We have 4 modes while creating a CUDA project. They are Debug, EmuDebug, Release, EmuRelease.
Among these Debug and Release modes are working on GPU and EmuDebug and EmuRelease modes are working in CPU. am I right or not?
While I am running a simple MatrixMul CUDA project, what I observe is that
Debug mode is taking 0.399 ms
Release mode is taking 0.466 ms
EmuDebug mode is taking 1369.699 ms
EmuRelease mode is taking 1390.366 ms
Is this fine? Why EmuXXX builds are taking that much time???
If I put a break point in global function + build mode is EmuDebug, then control is coming in global function and I can able to debug.
If I put a break point in global function + build mode is Debug, then control is NOT coming in global function and I cannot able to debug. Why???
which mode build should I considered?
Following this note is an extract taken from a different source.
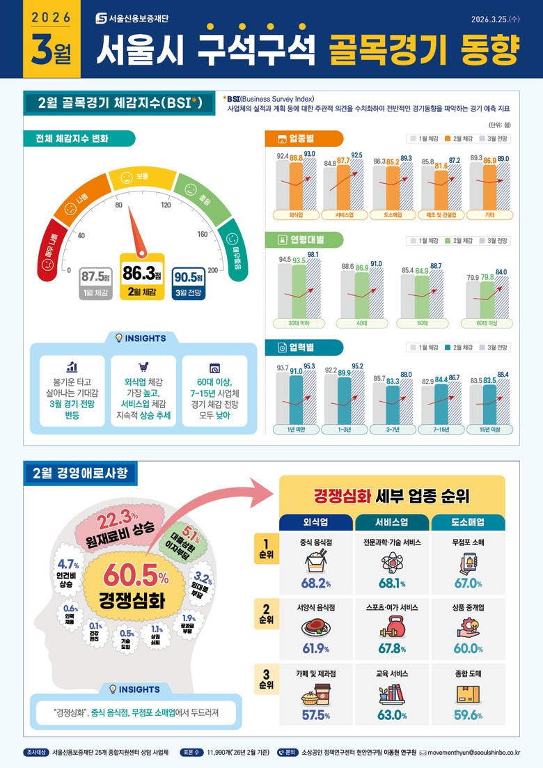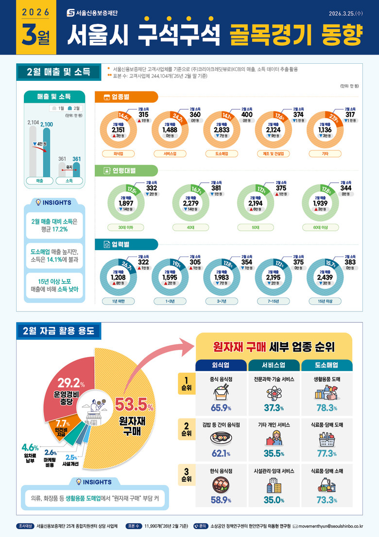 서울신보는 소상공인의 업종.업력.연령별 매출.소득과 세부 업종별 경영애로 및 자금 활용 분석을 새롭게 추가한「서울시 구석구석 골목경기 동향」3월호를 지난 25일 발표했다.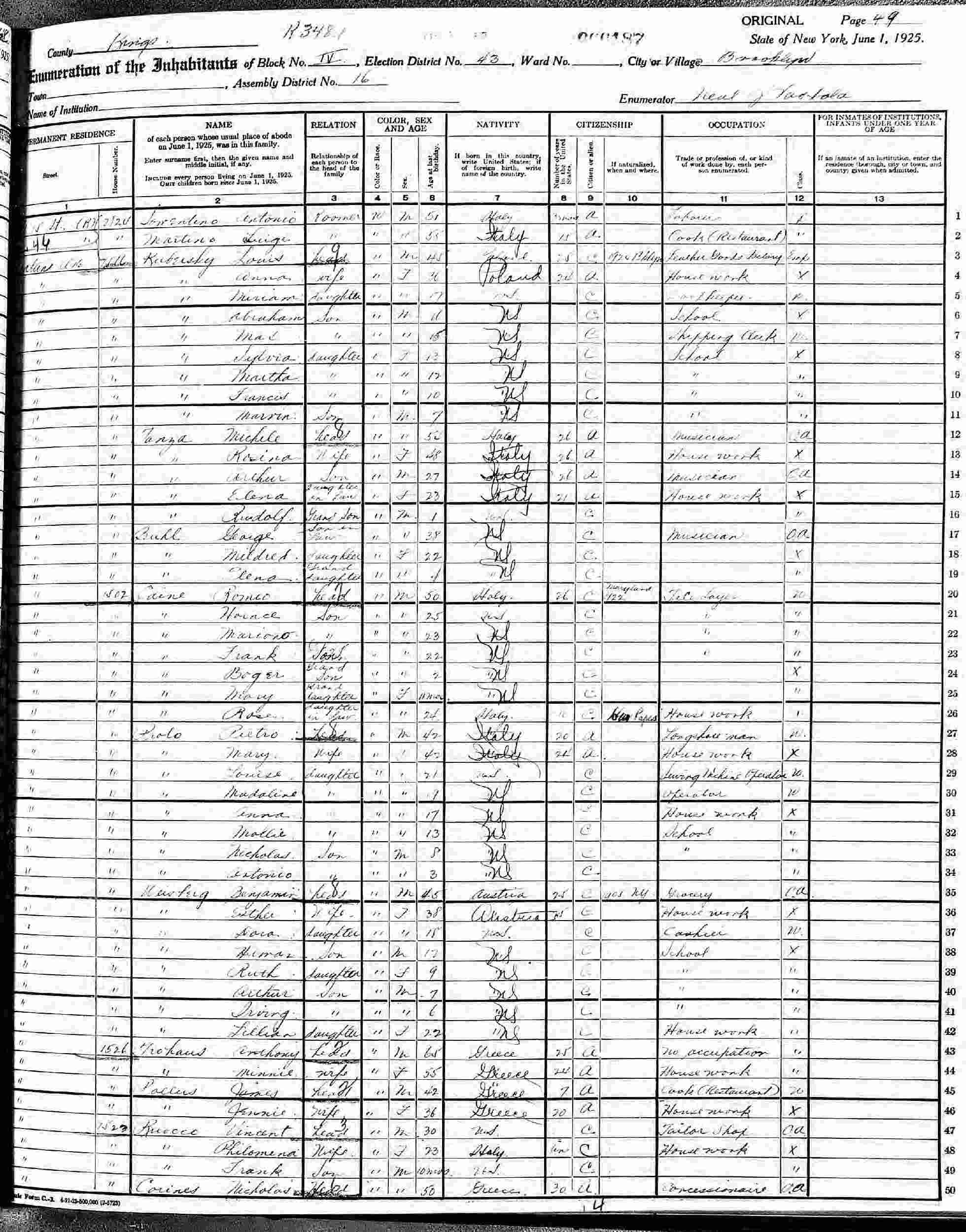 June 1, 1925 - New York State - 2516 Neptune Avenue, Block 4, Election District 43, Assembly District 16, Brooklyn, Kings County, New York.

Is it Release build or EmuRelease build???
Section 4.5.2.9 of the 2.1 CUDA Programming Guide describes “Debugging using the Device Emulation Mode”.
This is slower because CPU threads are being used to emulate the GPU hardware.
You should be using the Release build for normal computations when the GPU is available and EMU builds for debugging purposes or when a GPU is not available.
I suggest you check the Programming Guide for more details.
That’s correct - the ‘emu’ modes work in emulation on the CPU. The other modes run kernels on the GPU.
Because they’re emulating the GPU on the CPU, rather than trying to run fast on the CPU. It is not inconceivable that NVIDIA could do better (and there is the next version of nvcc, which is supposed to include a multi-core backend…), but why would they want to do that?
Besides, those slowdowns aren’t so bad. If you really want your code to run slowly, you should compile emudebug, and then run in valgrind :)
How is gdb (or whatever), running on the CPU going to affect code on the GPU? There is supposed to be a GPU-based debugger, but I’ve got no experience of it.
I have found all modes useful, although plain ‘emu’ less so. If I’m running in emulation, I probably want all the symbol information too… Plain ‘debug’ is useful because it will turn on all those CUDA_SAFE_CALL macros which you’re liberally scattering through your code, but won’t cripple performance like emulation.